LIMIT ON THE DISTANCE
The maximal distance over which secure Quantum key exchange can be established
decreases with increasing losses and increasing detector noise. Standard amplification
cannot be used as they would affect the states of photons in a similar manner as
eavesdropping. Present-day technology allows secure operation up to about 100km.
DENIAL OF SERVICE
The Quantum key exchange could be made impossible by an eavesdropper who would
continuously introduce errors in the transmission by measuring the photons being
transmitted.
TECHNOLOGY
Quantum transmission requires a need for a dedicated fiber, transmitters and detectors
which make it expensive. This would be limitation to its deployment in normal
scenarios.
Current Research
Quantum cryptography is still in its nascent stages. Research is ongoing in the following
areas:

Study of cryptographic techniques based on entanglement of photons.

Design of more secure and robust protocols to solve the cryptographic needs.

Technology improvements to make Quantum transmission more efficient, less
erroneous thus improving the range in which this technology could be used.

Cryptanalysts reviewing the security aspects and possible attacks models on
quantum cryptosystems.
Conclusion
Quantum Cryptography could theoretically be used to achieve totally and provably
secure communication where the adversary cannot decipher the communication
regardless of the amount of computing power and time available at their disposal.

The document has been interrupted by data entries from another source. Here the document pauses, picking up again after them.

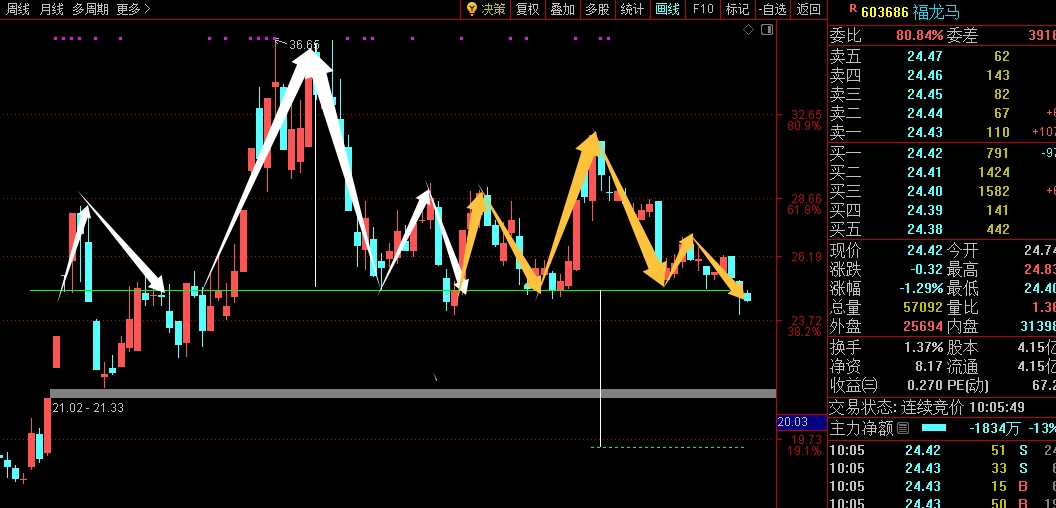 $福龙马(SH603686)$ 双俩头肩顶,跌破20再来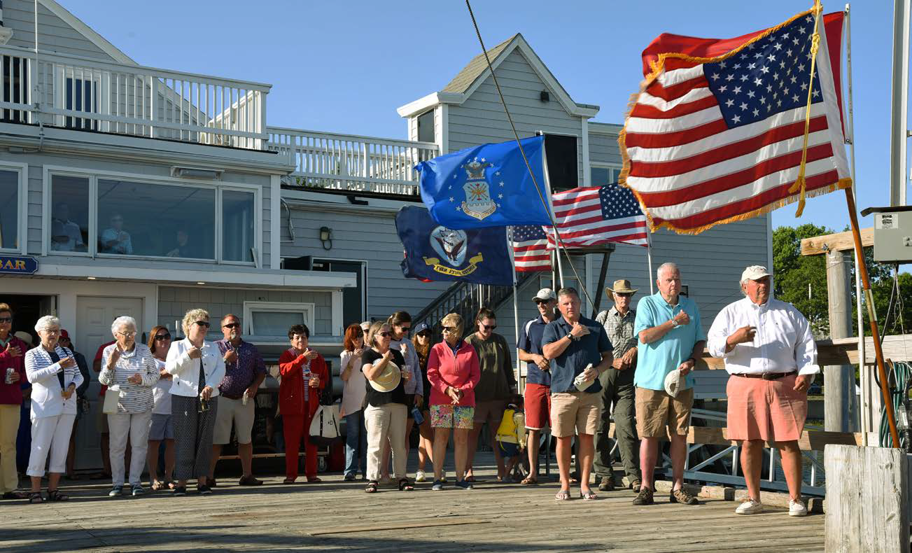 The Cottage Park Yacht Club (CPYC) celebrated its Blessing of the Fleet with a barbecue and boat parade on July 9. A moment of silence was held in honor of Past Commodore Mike Gahan, who began the maritime tradition at CPYC. Shown here, Cottage Park Yacht Club members praying for safety of boats and families this summer during the annual Blessing of the Fleet.
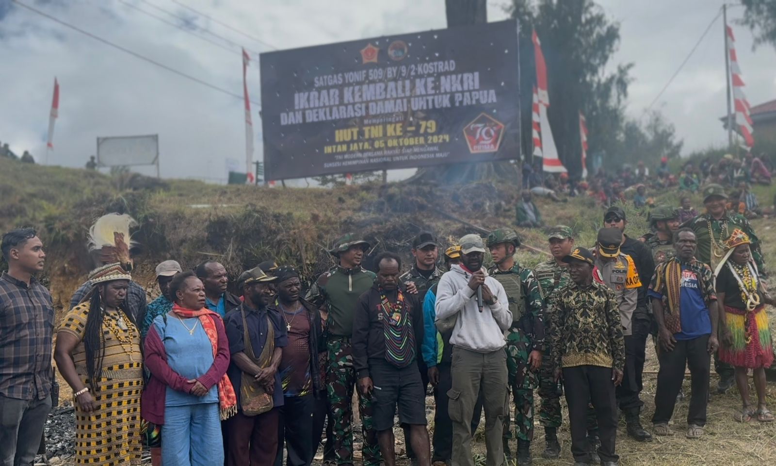 Kegiatan perayaan HUT TNI ke-79 2024 di Sugapa Kabupaten. Intan Jaya dilaksanakan dengan upacara adat bakar batu yang merupakan simbol kedamaian dan kebersamaan. Kegiatan diawali dengan pembagian buku gratis, pengobatan massal, pembagian alat musik untuk gereja, alat olah raga, bantuan sosial, makan bersama, tari-tarian/joget, hingga pengucapan ikrar eks TPN OPM kembali ke NKRI.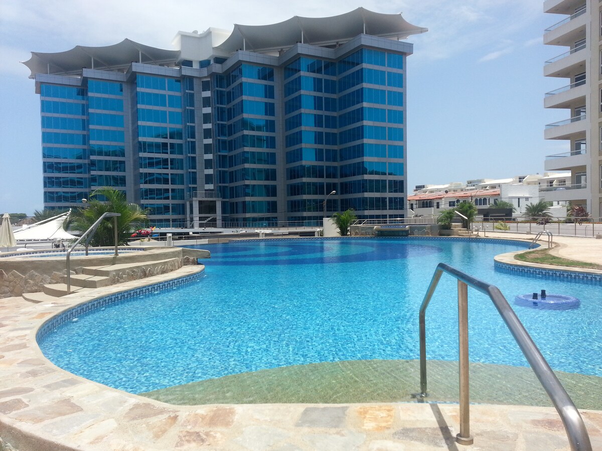 Tendrás agua 24 horas sin problema. Wi fi en todas las áreas de apartamentos y áreas comunes. Agua caliente. 1 puesto de estacionamiento techado. Al llegar al edificio los huéspedes deberán adquirir un brazalete por persona que les incluirá toldos y sillas de playa, uso de gimnasio, canchas de tenis durante su estadía, el costo del mismo es de 20$ por adulto y 10$ menores de 13 años por todo el tiempo del hospedaje.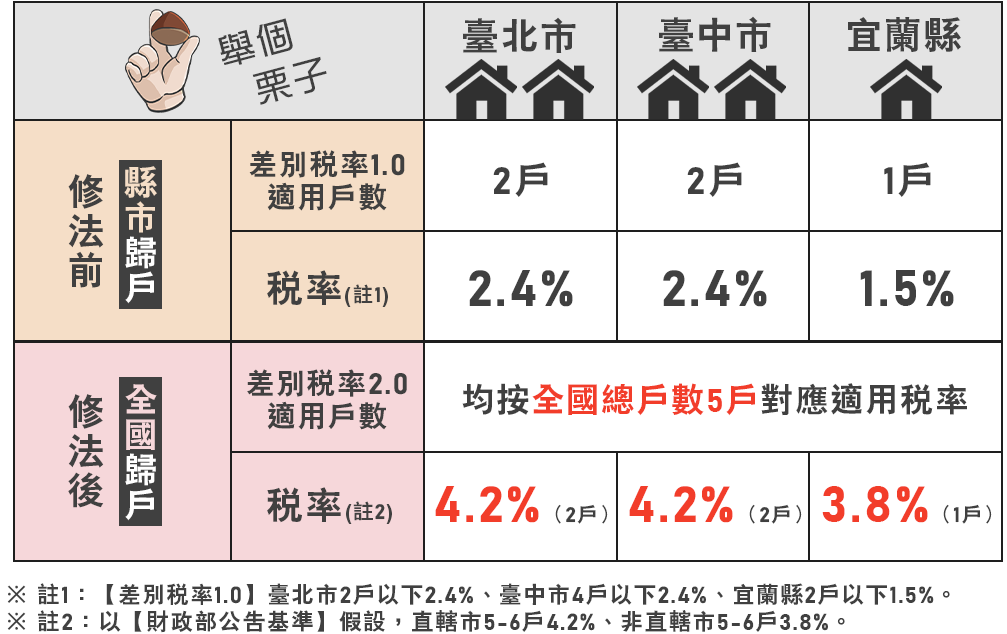 舉例來說,假設一個家庭在新北市、台中市和市各擁有2間住宅(共6間),按照過去的稅制,這六間都可以享受自住稅率。但在全國歸戶的新制下,第四間之後將被列為非自住,並適用更高的稅率。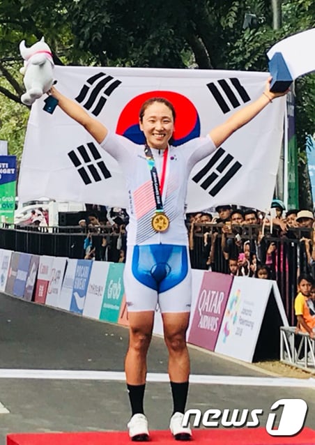 나아름(28·상주시청)이 아시안게임 사이클 여자 도로독주 2연패에 성공했다. 이번 대회 2관왕이다.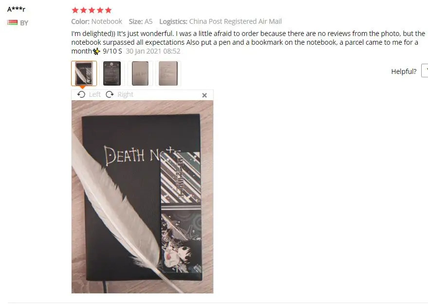 Я в восторге)) Всё просто замечательно. Я немного побаивалась заказывать из за того что совсем нету отзывов с фото,но тетрадь превзошла все ожидания Также положили к тетради перо и закладку, ко мне пришла посылка за месяц ✨ 9/10

However, the technology is still in experimental stage and it is still evolving. As
researchers understand and explore this more; they do find flaws in some of the earlier
understandings and conclusions. It is hard to see practical implementation of this
technology today, given its limitations. But with future breakthroughs in Quantum
transmission, Quantum computing and Quantum cryptography, it may just provide us
with a truly secure communication means.
References
[1] Bennett, C. H., Bessette, F., Brassard, G., Salvail, L. and Smolin, J., "Experimental
quantum cryptography", [ D / P / G ] Journal of Cryptology, vol. 5, no. 1, 1992, pp. 3 28. Preliminary version in Advances in Cryptology - Eurocrypt '90 Proceedings, May
1990, Springer - Verlag, pp. 253 - 265.
[2]
Crépeau, C., "Quantum oblivious transfer", [ D / P / G ] Journal of Modern Optics,
Vol 41, No 12, December 1994, pp. 2445 - 2454.

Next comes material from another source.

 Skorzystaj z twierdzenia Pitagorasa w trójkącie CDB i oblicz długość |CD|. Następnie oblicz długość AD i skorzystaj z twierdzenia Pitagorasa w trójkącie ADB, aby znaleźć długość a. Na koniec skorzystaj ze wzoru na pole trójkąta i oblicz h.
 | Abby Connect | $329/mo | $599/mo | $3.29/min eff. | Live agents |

[3] Mayers, D., "The trouble with Quantum Bit Commitment", [ P / G ] posted on quantph March 96.
[4] Miloslav Dusek, Norbert Lutkenhaus, Martin Hendrych, “Quantum Cryptography” [P]
To appear in Progress in Optics, vol. 49, Edt. E. Wolf (Elsevier) Jan 31, 2006
[5]
Mayers, D., "On the security of the quantum oblivious transfer and key distribution
protocols", [ D / P / G ] Advances in Cryptology: Proceedings of Crypto '95, Springer Verlag, to appear.